Follow-up on Habeas Corpus and Gitmo
I got a lot of email this weekend telling me why I was short-sighted in supporting the Supreme Court's decision on habeas corpus rights for detainees. First, I will observe that I have great readers, because all of the email was respectful. Second, I will say that I am open to being convinced that I am wrong here, but I have not been so convinced yet.
I got a lot of email about past precedents and settled law on this. What I don't seem to be communicating well is that I understand and agree with past precedent in the context of other conflicts, but that the concept of "combatant" as currently used by the GWB administration is so different than in the past as to defy precedent. The folks sitting in Gitmo are not uniformed Wermacht officers captured in the Falais Gap. They are combatants generally not because they were caught firing on our troops but because the Administration says they are combatants. New situations often require new law, and as I said before, when in doubt, I will always side for protection of individual rights against the government.

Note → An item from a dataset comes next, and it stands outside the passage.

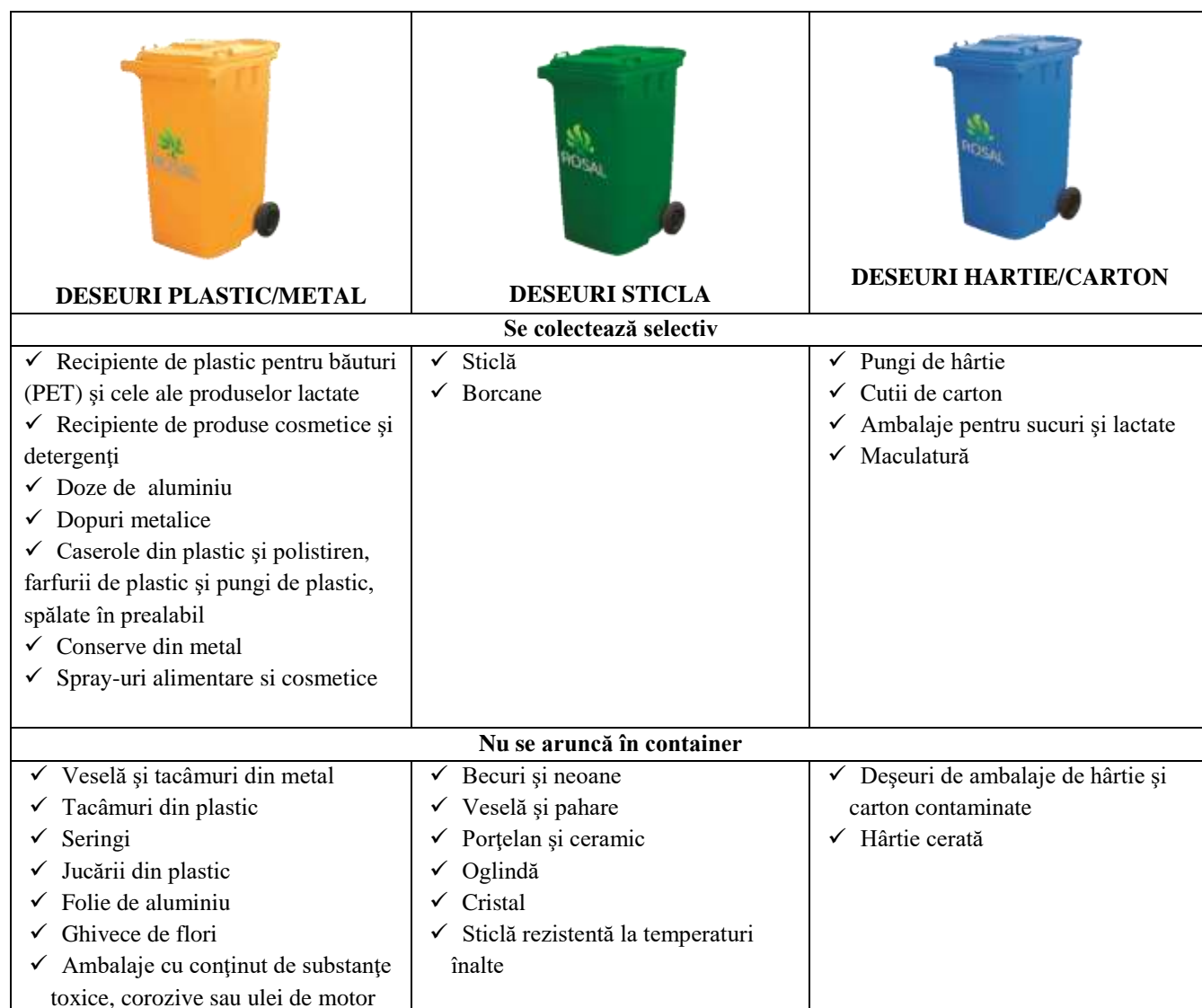
Table 1 Colectarea selectivă a deşeurilor reciclabile pe trei fracţii

Pentru a păstra curăţenia oraşului populaţia este rugată să nu depoziteze în containerele colorate alte deşeuri decât cele pentru care sunt prevăzute şi anume cele din tabelul de mai jos:

I'm not going to get into an anecdotal battle over the nature of individual Gitmo detainees. I can easily start rattling off folks who were detained for extended periods for no good reason, and I am sure one can rattle off names of hard core bad guys who none of us would be happy to have walking the streets. The place where reasonable people disagree is what to do with this mixed bag. Gitmo supporters argue that it is better to lock up a few good guys to make sure the really bad guys are off the street. I would argue in turn that this is exactly NOT how our legal system works. For good reasons, our system has always been tilted such that the greater harm is locking up the innocent rather than releasing the guilty.

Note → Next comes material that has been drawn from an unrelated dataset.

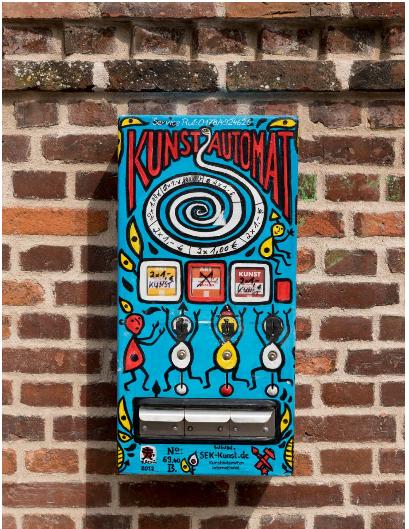
Einer der ca. 250 Kunstautomaten in Deutschland, dieser befindet sich in der Alten Potsdamer Straße in Teltow.

It may be a faulty analogy, but I considered the other day what would have happened had the US government taken the same position with active communist part members in the 1950's. Would it really have been that hard to have applied the same logic that has a number of Gitmo detainees locked away for years to "communist sympathizers?"

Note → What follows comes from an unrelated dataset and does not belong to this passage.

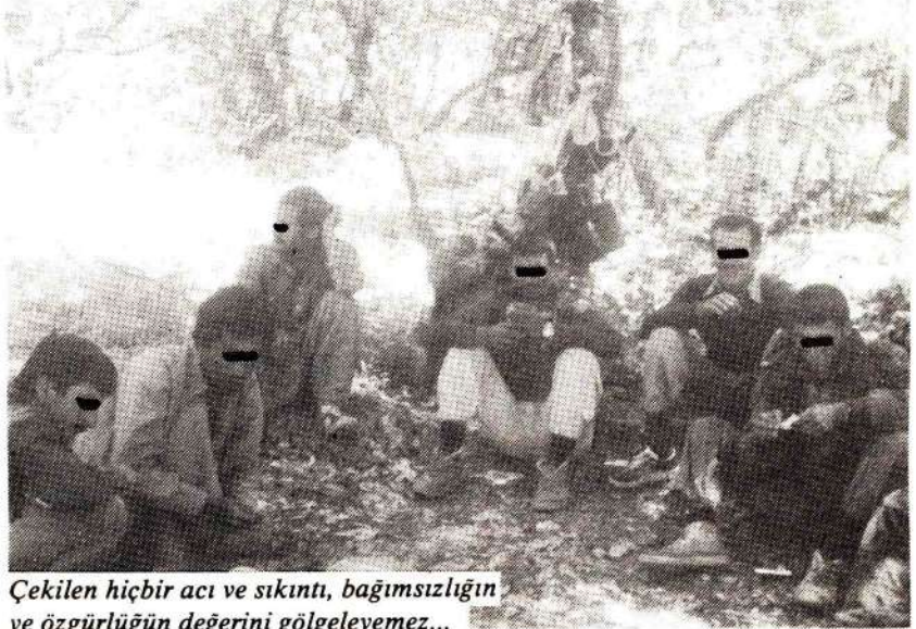
Çekilen hiçbir acı ve sıkıntı, bağımsızlığın ve özgürlüğün değerini gölgeleyemez...

Gümrük kapılarında o bilinen uygulamalardan nasibimizi aldıktan sonra yola çıktık. Sivas-Kayseri alanını geçtikten sonra değişik bir yere geldiğimizi farkettilik. Çünkü geçtiğimiz tüm yerleşim alanlarında neredeyse sivilden çok asker vardı. Önce buna anlam veremediysem de mücadelemizin gelişimini düşününce bunun bir işgal hareketi olduğu sonucuna vardım. Köyümüzdeki durum ise bu düşüncemi daha da pekiştirdi. Köyümüz geçmişten beri sarp dağlarla sarılı ve patika bir yoldan başka ulaşım olanağının bulunmadığı bir yerdir. Son yıllarda zor-bela taşılı bir yol yapmışlardı, ama o da pek işe yaramıyordu. Yine önceleri burada birkaç jandarma haricinde fazla asker de kalmıyordu. Ama bu yıl oldukça farklı bir görüntüyle karşılaştım. Öyle ki köy nüfusundan çok asker yığılmıştı. Köyde bir de karakol kurmuşlardı. Çevrede de birçok mezra ve küçük köy bulunduğundan burayı merkez olarak seçmişlerdi.

I think this Administration, time and time again, has exhibited a strong streak of laziness when it comes to following process. It doesn't like bothering to go through channels to get warrants, even when those warrants are usually forthcoming. And it doesn't want to bother facing a judge over why detainees are in captivity, something that every local DA and police officer have to deal with every day.
Update: More, from Cato and George Will, here. There are certain people who I find it to be a sort of intellectual confirmation or confidence builder to find them on the other side of an issue from me. John McCain is quickly falling into to this camp for me, at least vis a vis individual rights questions.